Contudo, antes mesmo de se decidir por uma consequência jurídica que venha
apenas punir o alienador, pode e deve o Estado, esgotar todas as possibilidades de
restaurar os valores e sentimentos que levaram à prática da alienação parental, através de
um processo de reflexão e conscientização, criando assim a possibilidade de não
reincidência da prática de tal ato, tendo em vista que há, nesse caso, uma restauração de
algo que fará sentido para aquele que, até então, não conseguia reconhecer e conviver: a
verdade.
REFERÊNCIAS:
AZAMBUJA, Maria Regina Fay de. A criança no novo direito de família. In WELTER,
Belmiro Pedro; MADALENO, Rolf Hanssen (Coords.). Direitos Fundamentais do Direito de
Família. Porto Alegre: Livraria do Advogado, 2004, p. 280.

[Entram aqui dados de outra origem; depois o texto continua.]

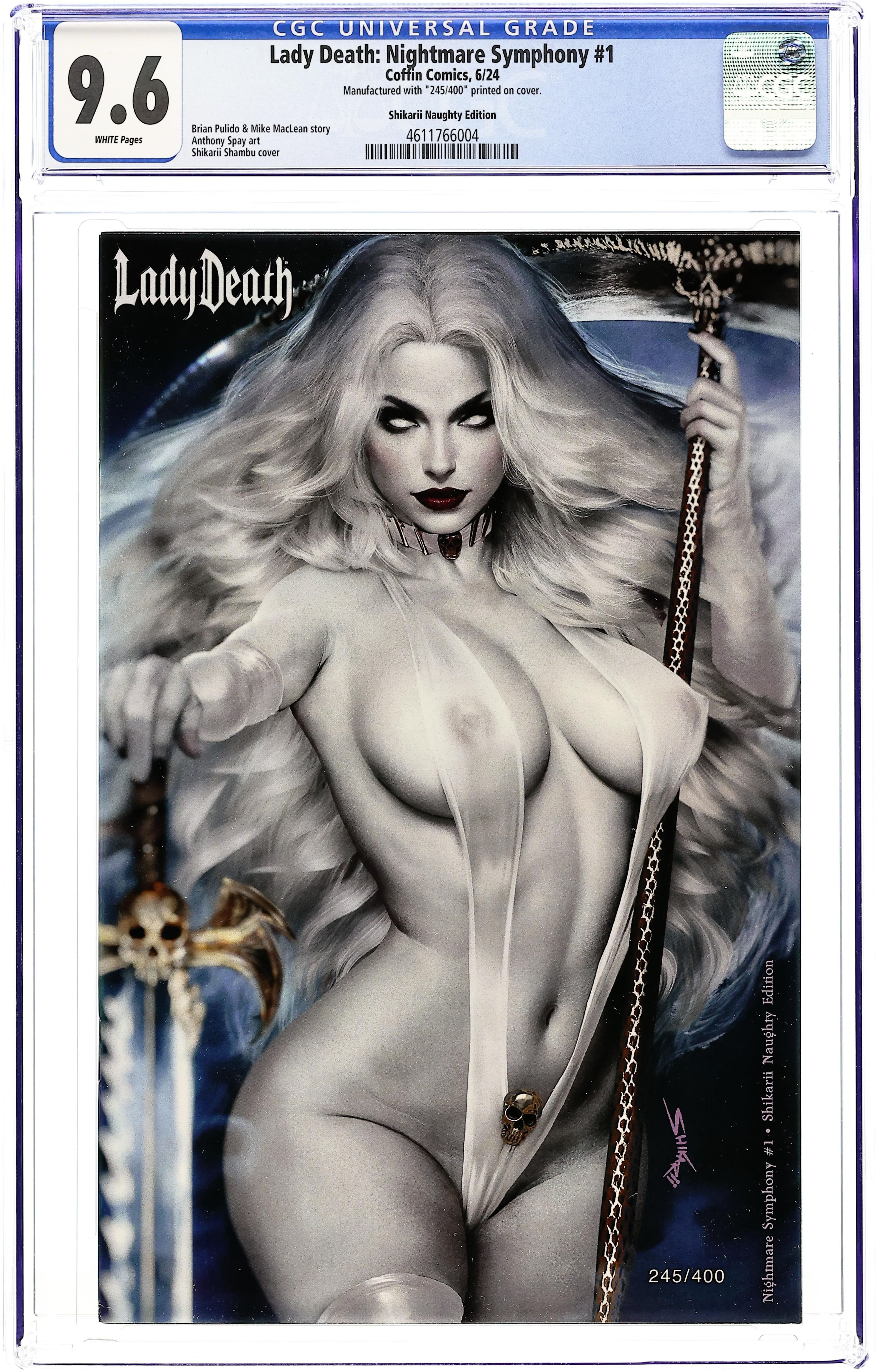 'Shikarii Naughty' Edition Variant Cover by Shikarii Shambu - limited to 400 copies. Written by Brian Pulido and Mike MacLean. Art by Anthony Spay. Lady Death and the Hellraiders are headed to earth to fend off the extinction level villainy of The Sect and The Trinity, and certainly we will get to that crucial story, but first lets delve back into the past, before Lady Death's 'Cursed Sleep' began two decades ago and discover what diabolical treachery occurred during a rare peaceful moment in the Lady's undead life⦠32 pages, full color. Grade: CGC 9.6 explanation of grade Condition: Used (collectible) unless item is a new release

DIAS, Maria Berenice. Incesto e alienação parental: de acordo com a Lei 12.318/2010 (Lei
de Alienação Parental). 3ª ed. Revista, atualizada e ampliada. – São Paulo: Editora Revista
dos Tribunais, 2013.
FILHO, Gildo Alves de Carvalho. Alienação Parental. In: A morte inventada: alienação
parental em ensaios e vozes. Org. Alan Minas Ribeiro daSilva e Daniela Vitorino Borba. São
Paulo: Saraiva, 2014.
LARA, Caio Augusto Souza. Dez anos de práticas restaurativas no Brasil: a afirmação
da justiça restaurativa como política pública de resolução de conflitos e acesso à
justiça. Disponível em: http://www.publicadireito.com.br/artigos/?cod=1dfcb07c683107f0,
acesso em 17.07.2016.
LEITE, Eduardo de Oliveira. Alienação Parental: do mito à realidade. São Paulo: Editora
Revista dos tribunais, 2015.
PACHÁ, Andréa. A vida inventada. In: A morte inventada: alienação parental em ensaios e
vozes. Org. Alan Minas Ribeiro daSilva e Daniela Vitorino Borba. São Paulo: Saraiva, 2014.
SILVA, Alan Minas Ribeiro da. A morte inventada: alienação parental em ensaios e vozes.
Org. Alan Minas Ribeiro da Silva e Daniela Vitorino Borba. São Paulo: Saraiva, 2014.